Validation of transcripts assembled from RNA-seq data using proteomics data. (#266)
Alternative splicing of mRNA is known to play a major role in diversifying function of proteins in humans, resulting in cell-specific proteomic variation. While transcriptomic experiments enabled the detection of many alternatively spliced transcripts, the majority of these transcripts seem to lack protein-coding potential. Earlier this year, we have published the Proteomic–Genomic Nexus (PG Nexus) pipeline, which showed that integrating proteomics and transcriptomics data can efficiently validate alternatively spliced transcripts. To accommodate analysis of novel transcripts assembled from RNA-seq data, we have developed an additional software component. The new module, TranscriptCoder, uses previously identified exons to translate RNA transcripts from Cufflinks into a protein sequence database for MS/MS searches. In conjunction with other PG Nexus tools, users can identify and validate splice junction boundaries and mRNA transcripts which have protein-coding potential. For our analyses, we used data from human undifferentiated mesenchymal stem cells (MSC) to validate 4187 unique splice junctions annotated in ENSEMBL. Comparing our method to other approaches, including a 3-frame translation of all RNA-seq transcripts, revealed 4472 unique splice junctions, 4062 of these were the same as those identified by TranscriptCoder.
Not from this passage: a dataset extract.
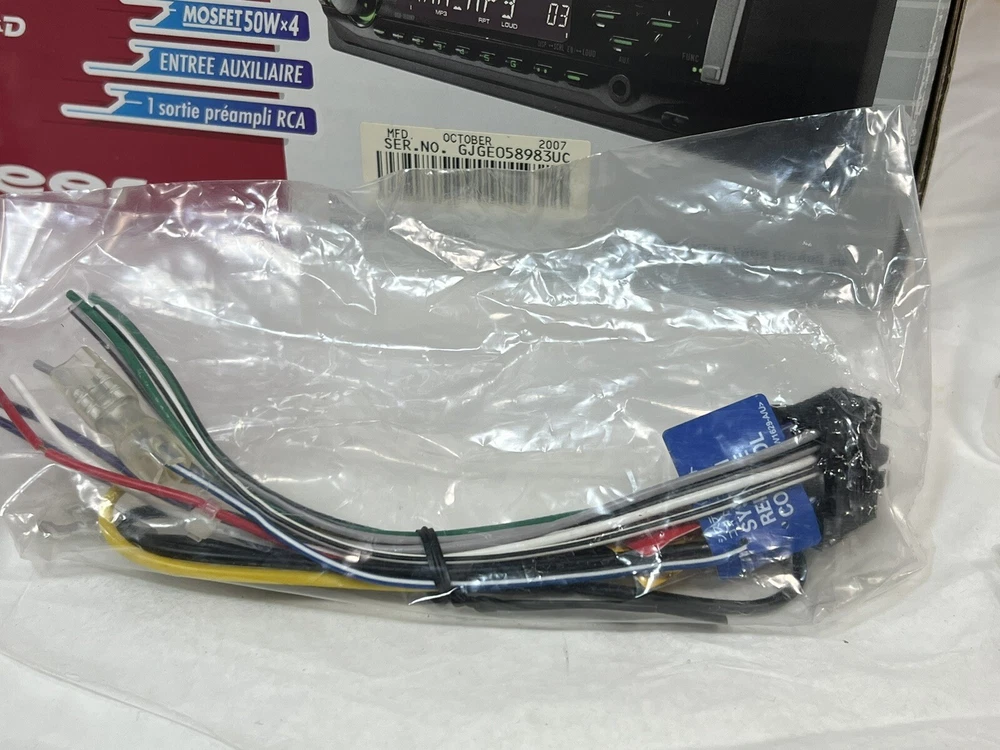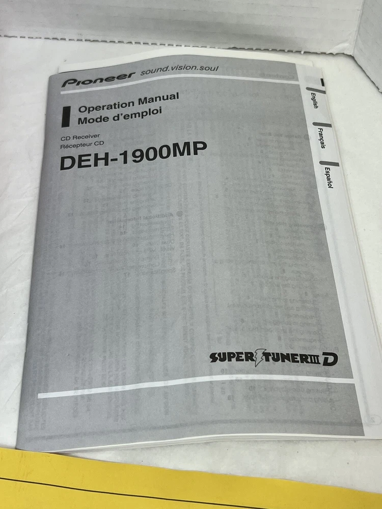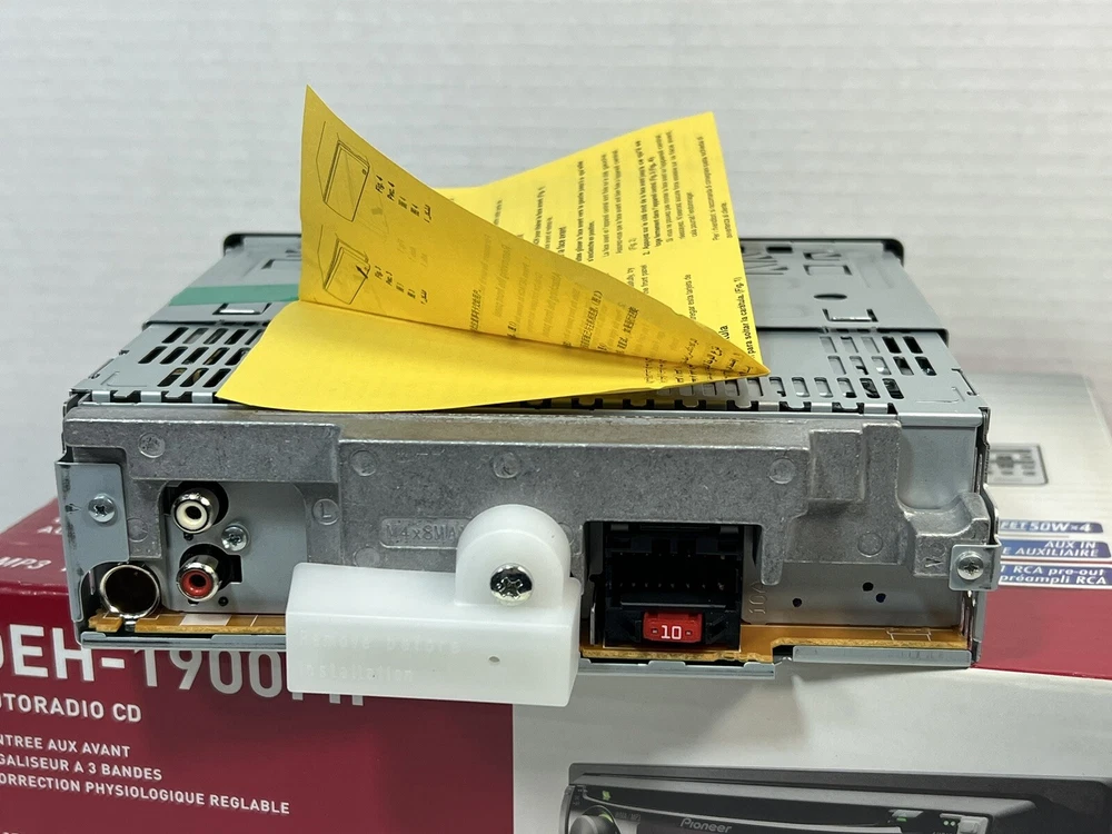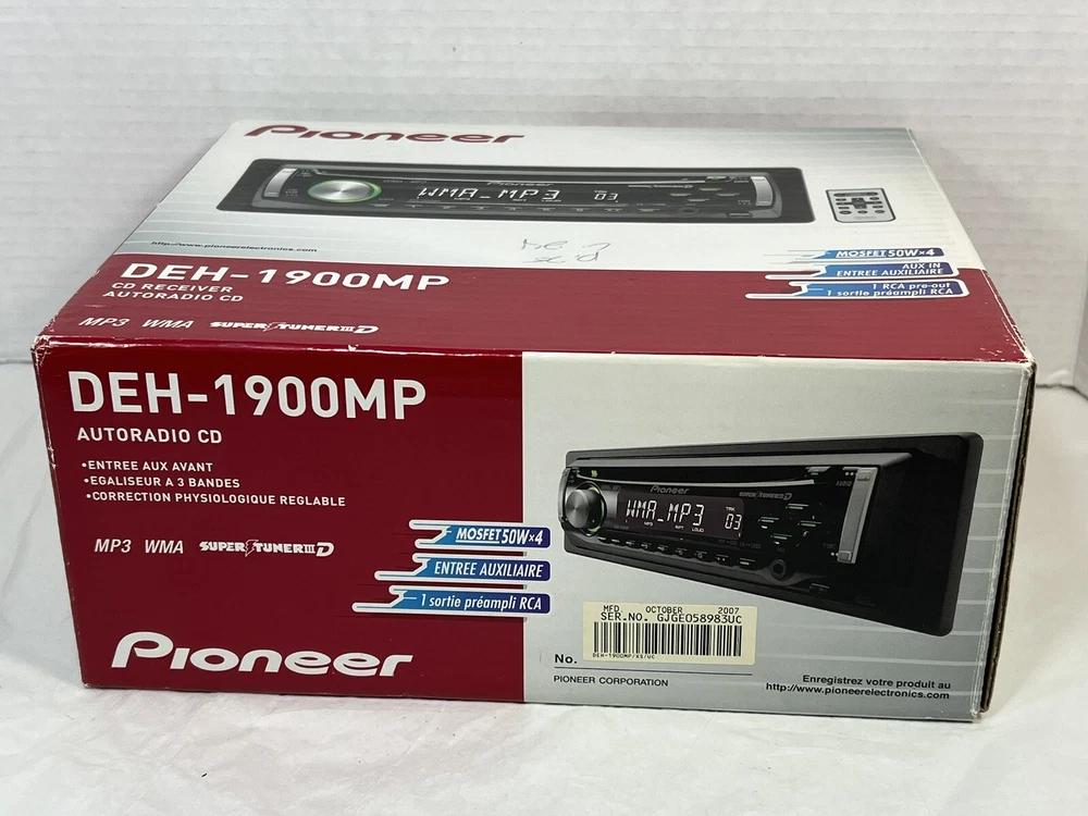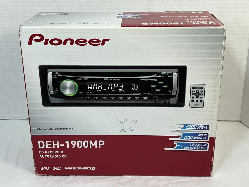 Pioneer DEH-1900MP CD Player In Dash Receiver w/Remote - NEW - UNTESTED I am not the original owner and I am unaware what its working status is. It looks to never have been used. The remote is included, the battery has never been installed. It comes with the one wire harness that plugs into the rear port. Also included is a sealed bag of screws/parts. Comes with the manual and install instructions. The box does not have the foam insert. Please review all the pictures for what is included. If there are parts missing I am unaware of what they are. This unit is being untested and as is. Please let me know if you have any questions.

There were 125 junctions that were found by TranscriptCoder only, and 410 junctions found by 3-frame translation only. The above suggests a combination of both methods could enhance the coverage of splice peptides. Our tool and results highlight an integrative approach that is incorporated into our PG Nexus pipeline, allowing us to validate alternatively spliced forms of protein.
- Pang et al. (2014) J. Proteome Res., 13, 84–98.